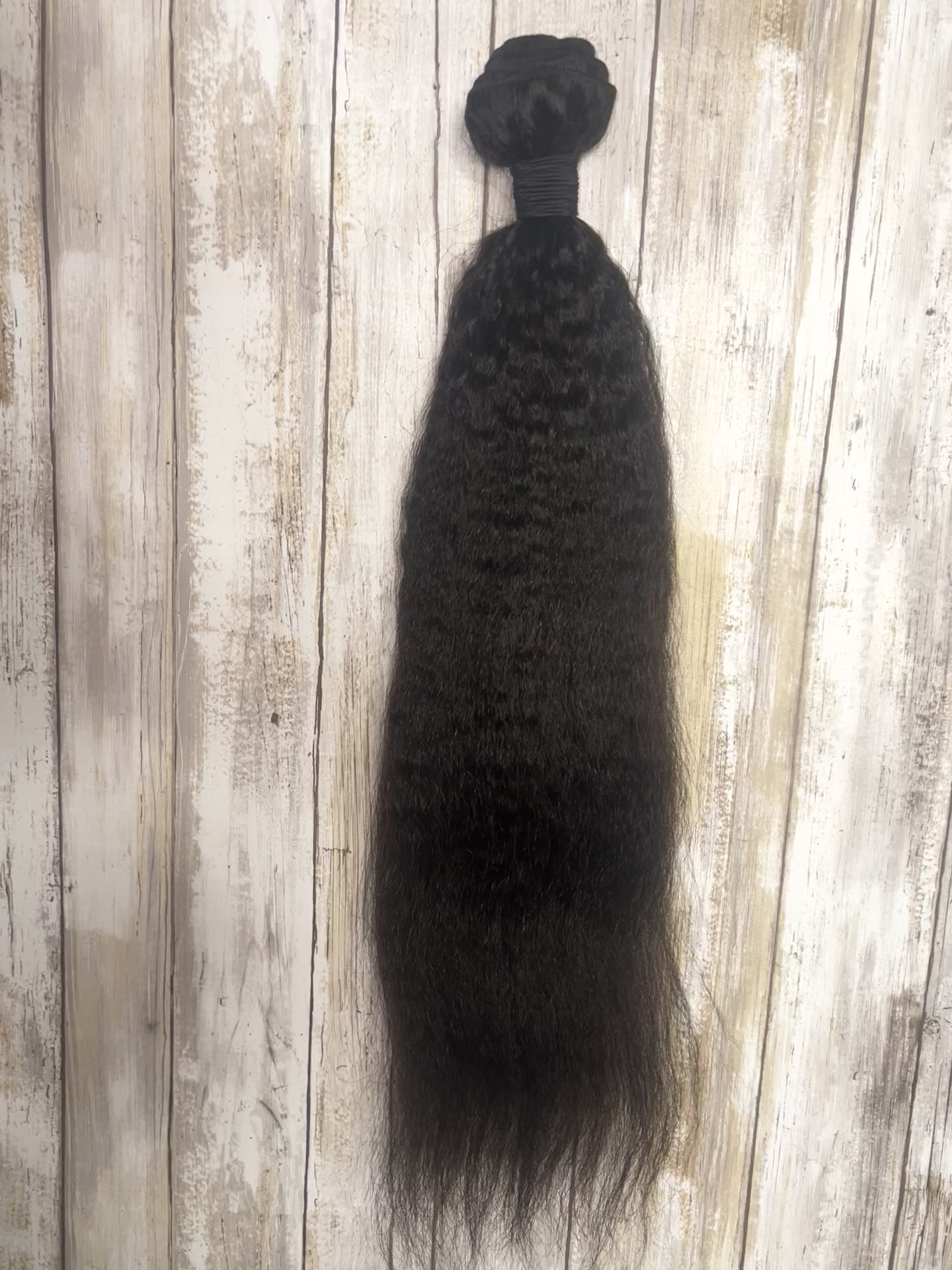 Natural dark brown kinky curly, loose curly, and kinky straight.
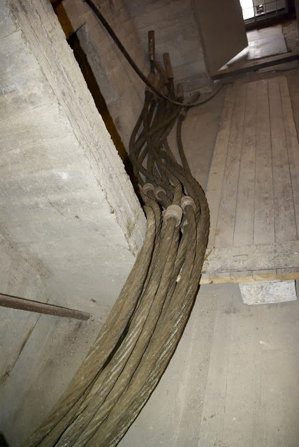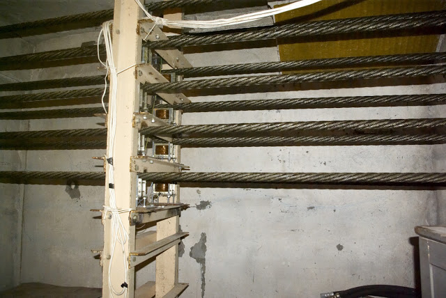 Для контроля состояния канатов на них установлено множество датчиков.
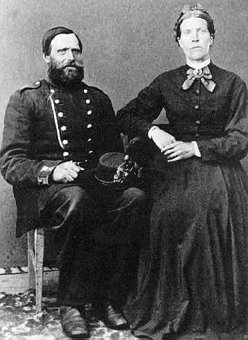 Gruppbild med det paret Wallin som sitter intill varandra på stolar. Mannen har skägg och är klädd i militär uniform.
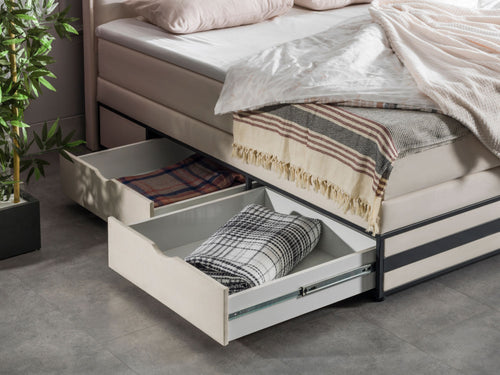 Hoe handig is dit? Een boxspring waarin extra opbergruimte is verwerkt, zonder dat het opvalt. Berg eenvoudig jouw winter- of zomerdekbed, kussens of schoenen op. Zo geniet je van een goede nachtrust, zonder rondslingerde spullen. Opberg boxspring Aken is ideaal voor kleine slaapkamers en bij gebrek aan opbergruimte. De boxspring is voorzien van opberglades, die gemakkelijk te openen zijn. Aken is ook verkrijgbaar in een uitvoering met opbergvakken met een klep. Ga voor gemak én comfort!
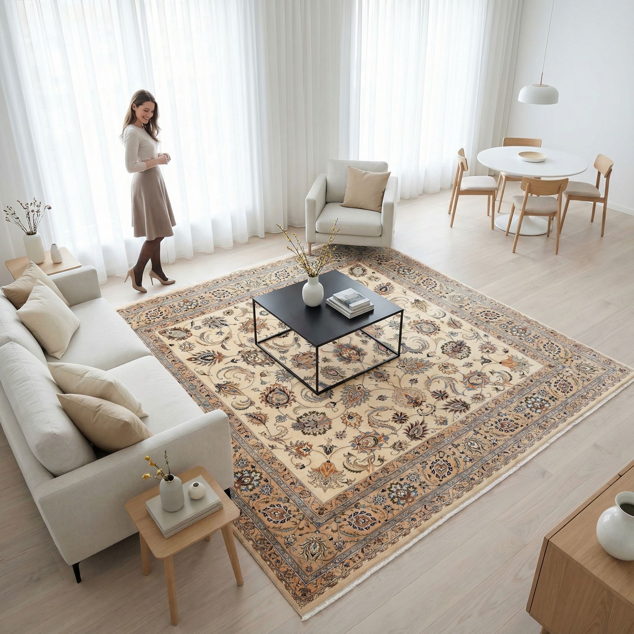 Unsere handgeknüpften Teppiche sind reine Handarbeit aus erlesenen Naturmaterialien. Echte Knoten sowie Schuss- und Kettfäden verleihen ihnen außergewöhnliche Langlebigkeit, Tiefe und bleibenden Wert - jeder Knoten ein Ausdruck echter Handwerkskunst. Handgefertigt und komplett ohne Kleber - für eine authentische, langlebige Qualität.Handgeknüpfte Teppiche - ob klassische Orientteppiche oder moderne Designs - lassen sich fachgerecht waschen, sind für den täglichen Gebrauch ...

◆ **WHAT TO DO**
Leaving aside the images, write out the entries above word for word.

◆ **COMPLETED TASK**
 Natural dark brown kinky curly, loose curly, and kinky straight.
 Для контроля состояния канатов на них установлено множество датчиков.
 Gruppbild med det paret Wallin som sitter intill varandra på stolar. Mannen har skägg och är klädd i militär uniform.
 Hoe handig is dit? Een boxspring waarin extra opbergruimte is verwerkt, zonder dat het opvalt. Berg eenvoudig jouw winter- of zomerdekbed, kussens of schoenen op. Zo geniet je van een goede nachtrust, zonder rondslingerde spullen. Opberg boxspring Aken is ideaal voor kleine slaapkamers en bij gebrek aan opbergruimte. De boxspring is voorzien van opberglades, die gemakkelijk te openen zijn. Aken is ook verkrijgbaar in een uitvoering met opbergvakken met een klep. Ga voor gemak én comfort!
 Unsere handgeknüpften Teppiche sind reine Handarbeit aus erlesenen Naturmaterialien. Echte Knoten sowie Schuss- und Kettfäden verleihen ihnen außergewöhnliche Langlebigkeit, Tiefe und bleibenden Wert - jeder Knoten ein Ausdruck echter Handwerkskunst. Handgefertigt und komplett ohne Kleber - für eine authentische, langlebige Qualität.Handgeknüpfte Teppiche - ob klassische Orientteppiche oder moderne Designs - lassen sich fachgerecht waschen, sind für den täglichen Gebrauch ...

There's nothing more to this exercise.